Robert Fripp is on my shortlist of the best guitarists I've seen live (see More guitarists 15 August 2018). Having last seen him with King Crimson in 1971, we caught their current tour in Liverpool late last year and I was just as impressed the best part of 50 years later.

King Crimson went from being in the vanguard of jazz influenced progressive rock to a quite pared down grunge metal sound, which influenced many bands that came later, as I now realise. American 1990s grunge band Tool from my sons' musical palette, for example, cite Crimson as a key influence on their sound, sharing Fripp's fondness for unusual time signatures.

Across the eras some of Crimson's material isn't what you would call easy listening. But Mrs H enjoyed the gig and readily agreed that seeing them perform 21st Century Schizoid Man, the first track on their highly acclaimed first album from 1969, is something everybody who likes rock music should experience.

From the late 70s onwards my attention was elsewhere and I hadn't bought any of their stuff in decades. I've now got a bit of catching up to do as I the harsh guitar laden sound is more to my taste than I realised.

I will eventually return to my guitarists shortlist (just one more to go!) but the gig also left me thinking about one of the other "members" of the original King Crimson. I say "members" because he didn't play an instrument: Peter Sinfield wrote the lyrics, acted as road manager and constructed one of the first light shows used by a touring band: it was so unusual it was one of the reasons people went to see them. So Sinfield was considered a full member of the band. Until, like all of the other members of the band in its first 20 years or so, Robert Fripp fell out with him or vice-versa. (He did fall back in with some, so I saw the proficient multi-instrumentalist Mel Collins again from the 70s band the other week).

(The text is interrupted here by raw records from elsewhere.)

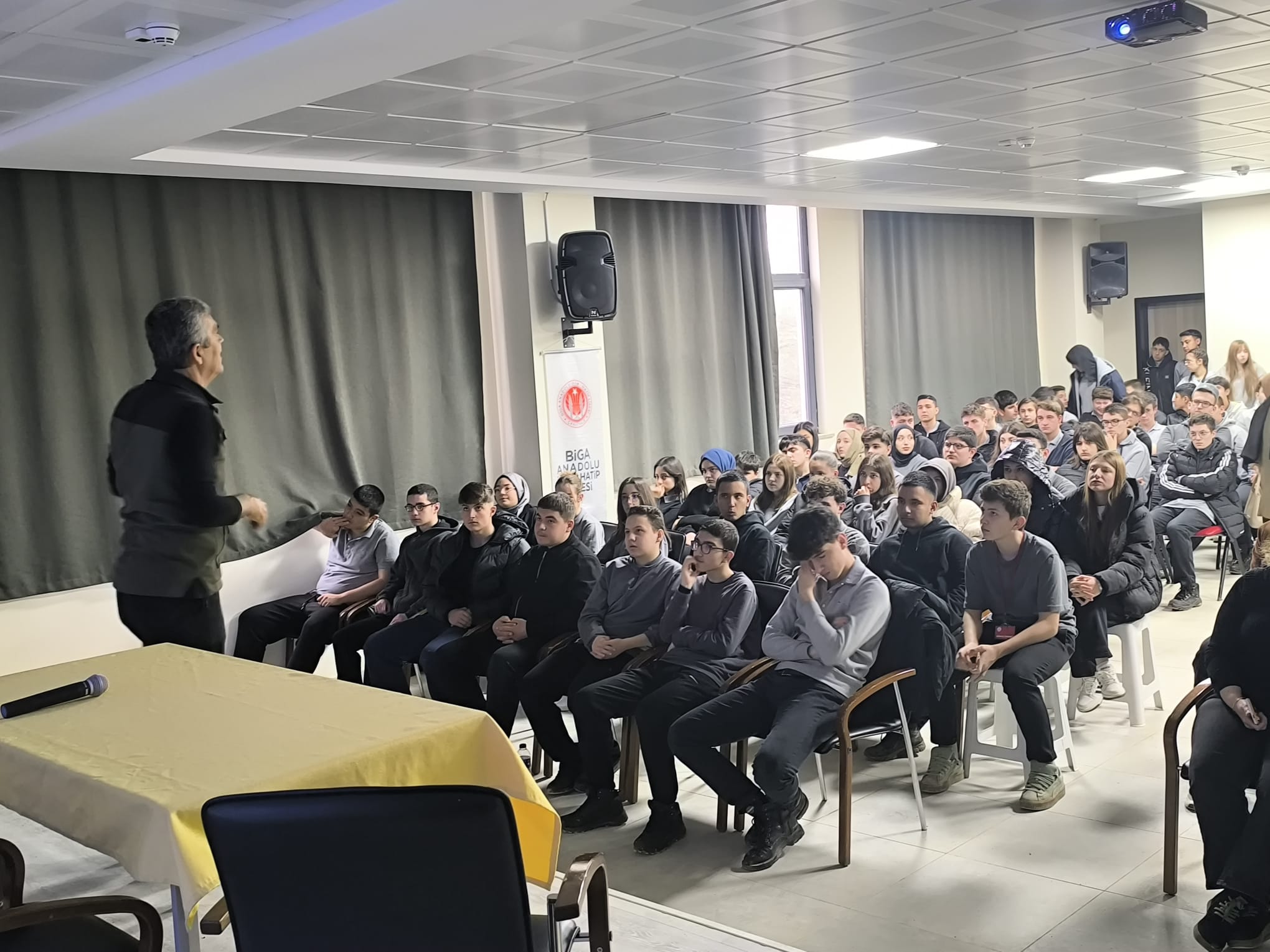 Çanakkale Orman Bölge Müdürlüğü, geleceğin koruyucuları olan öğrencilerle buluşmaya devam ediyor. Orman Genel Müdürlüğünün talimatları doğrultusunda başlatılan "Köklerden Geleceğe Nefes" iş birliği protokolü kapsamında, Biga'da anlamlı eğitimler veriliyor. Orman Genel Müdürlüğünce hayata geçirilen protokol çerçevesinde düzenlenen “Yeşil Vatan Benim Okulum, Geleceğe Çare” etkinliği kapsamında Biga Orman İşletme Müdürlüğü Mühendislerince tüm okullarda eğitim veriliyor. Biga Kadastro ve Mülkiyet Şefi ve Toprak İlmi Ekoloji Dr. Muhammet Akkaya tarafından, Biga Anadolu İmam Hatip Lisesi öğrencilerine, ormanların korunması, orman yangınlarına karşı alınacak tedbirler, yanan alanların rehabilitasyonu, su kaynaklarının tasarruflu ve yerinde kullanımı hakkında bilgiler verildi. Biga Anadolu İmam Hatip Lisesi Müdürü Recep Topal, eğitim sonunda Akkaya'ya teşekkür etti.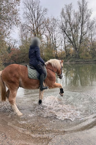 Zum Verkauf steht ein 8-jähriger Wallach, polnisches Mischblut, mit klarem Charakter und hoher Lernbereitschaft. Ausbildung & Nutzung Der Wallach wurde mit 4,5 Jahren sorgfältig in den Schulbetrieb eingeführt. Vor zwei Jahren habe ich ihn privat übernommen, da er sich für den Schulbetrieb als zu charakterstark erwiesen hat. In privater Haltung konnte er sich entsprechend weiterentwickeln und sein Potenzial zeigen. Er lässt sich in allen drei Grundgangarten sehr gut reiten, ist sehr geländeerfahren und zeigt sich dort besonders motiviert und zuverlässig. Zusätzlich wurde er bereits auf Vereinsturnieren vorgestellt und absolvierte leichte Dressuraufgaben. Aufgrund seines kompakten Körperbaus eignet er sich nicht als (Leistungs-) Springpferd – dennoch hat er Spaß am gelegentlichen Springen (über vergleichsweise niedrige Hindernisse) und zeigt sich auch hierbei sehr lernwillig. Ein erfahrener, ruhiger Reiter wird mit ihm viel Freude haben – vor allem bei ausgedehnten Geländeritten. Charakter & Umgang Im täglichen Umgang ist er selbstbewusst und aufmerksam. Er orientiert sich gut an Menschen mit klarer, ruhiger Führung und baut zu Bezugspersonen, die ihm mit Konsequenz und Verständnis begegnen, schnell Vertrauen und Respekt auf. Aktuell wird er beim Führen mit Trense gehandhabt, da er gerne eigenständig mitdenkt und insbesondere in Richtung Koppel sehr motiviert ist. Haltung Der Wallach ist sozial gut verträglich und steht derzeit in einer Wallachherde. Er wünscht sich ein Zuhause mit viel Freilauf und artgerechter Haltung, in dem auf seine Persönlichkeit eingegangen wird. Gesundheit Er ist kerngesund und wurde stets regelmäßig geimpft, entwurmt sowie osteopathisch behandelt. Die zwei Vorderhufe sind beschlagen, zurzeit mit Schneegrips, damit er möglichst bei jedem Wetter draußen sein kann. Abgabe Die Abgabe erfolgt ausschließlich aus Zeitgründen. Ein gutes, passendes Zuhause ist mir wichtiger als der Preis, dennoch kann er nicht verschenkt werden. Preis: 7.500 € VB Zubehör: kann bei Interesse günstig mit übernommen werden Bei ernsthaftem Interesse freue ich mich über eine aussagekräftige Nachricht. Weitere Informationen gern im persönlichen Kontakt.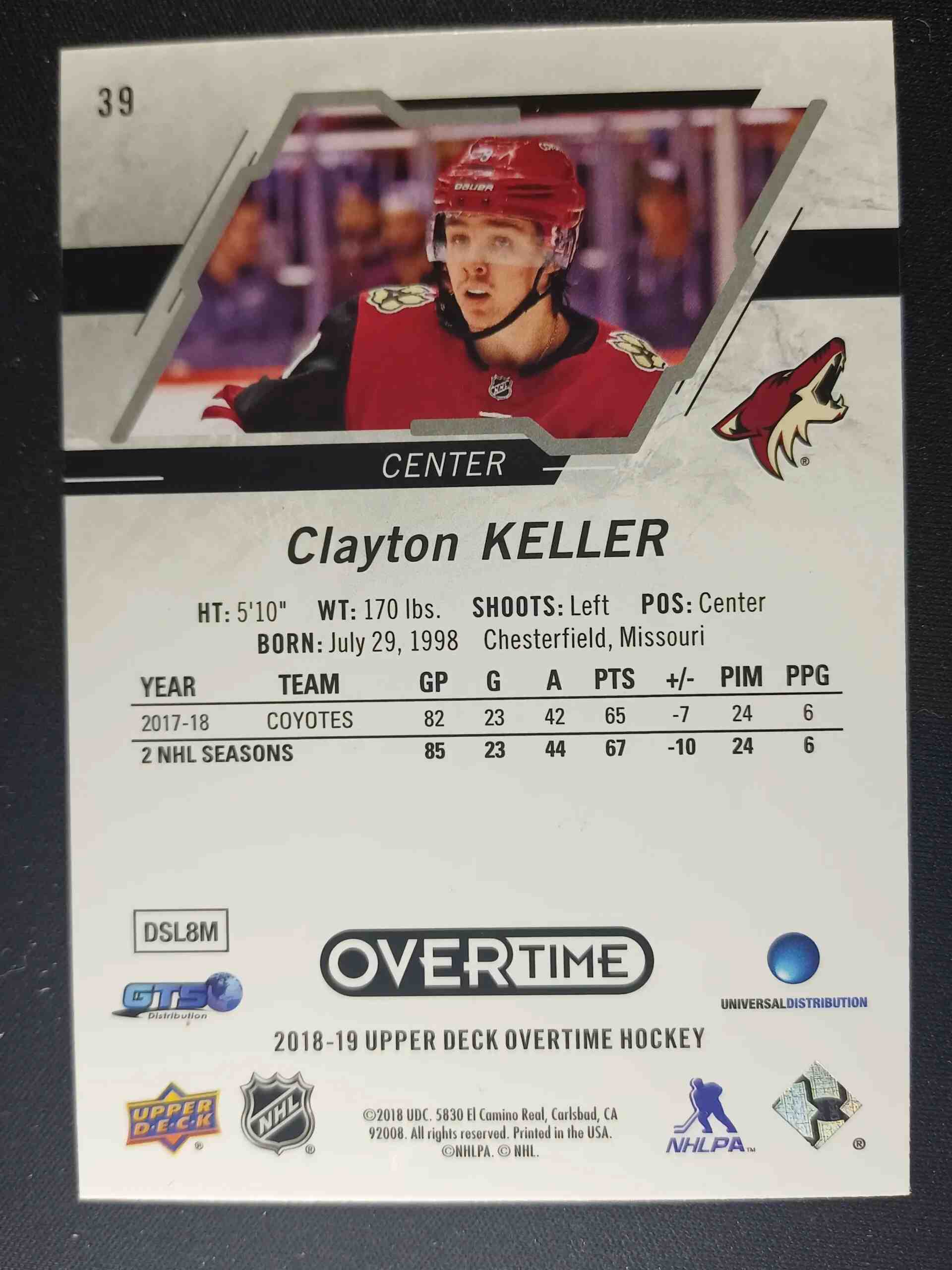 Sběratelská karta 2018/2019 Upper Deck Overtime Blue 39 Clayton Keller Inzert
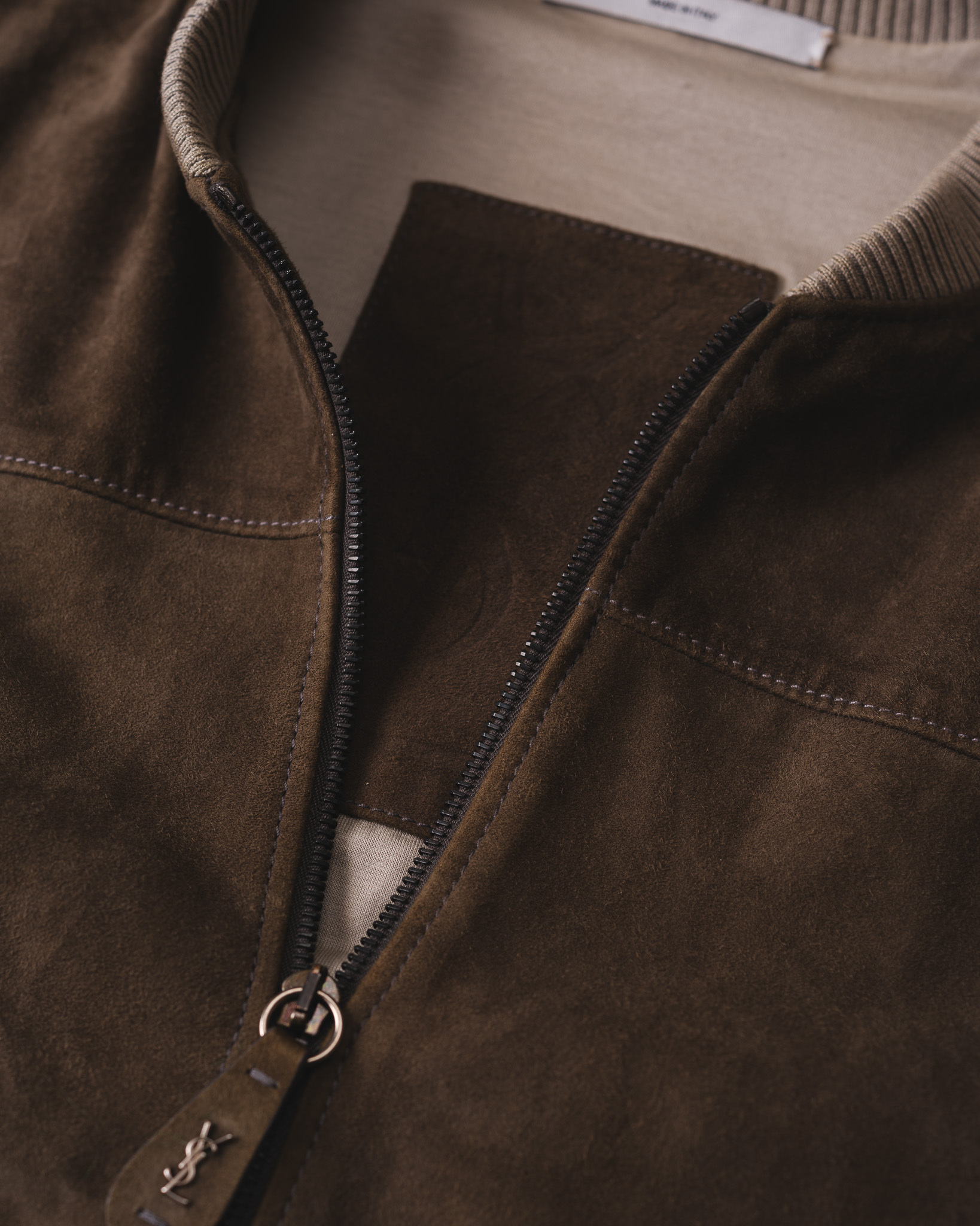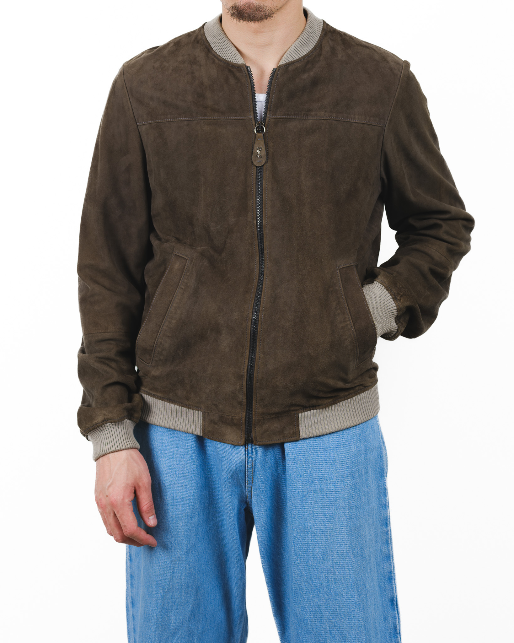 [Mid 2000s] "Yves Saint Laurent" Suede Bomber Jacket (Designed by Stefano Pilati)

I'd checked up on Sinfield quite recently on Wikipedia. One thing about the world of the internet is that you can nearly always answer the question "whatever happened to....?" about almost anyone who has been well known. As far as I was concerned Sinfield fell off the planet after Crimson. I should have noticed that he worked with Emerson, Lake and Palmer (well he knew Lake from Crimson). But after that he co-wrote hits for Celine Dion (her Think Twice won him an Ivor Novello award), Cher, Cliff Richard, Leo Sayer, Five Star and Bucks Fizz!

So he went on from writing lyrics like:
Cat's foot, iron claw
Neurosurgeons scream for more
Paranoia's poison door
21st Century Schizoid Man

in 1969 to

Your world is turning from night to day
Your dream is burning far, far away
Into the blue, you and I
To the circus in the sky....
In the land of make believe...
(The Land of Make Believe,  a number 1 hit for Bucks Fizz in 1982).

Crazy.

But I also learned it was Sinfield who coined the band name King Crimson, verbally riffing on alternative names for the devil. Strange the things you don't realise at the time.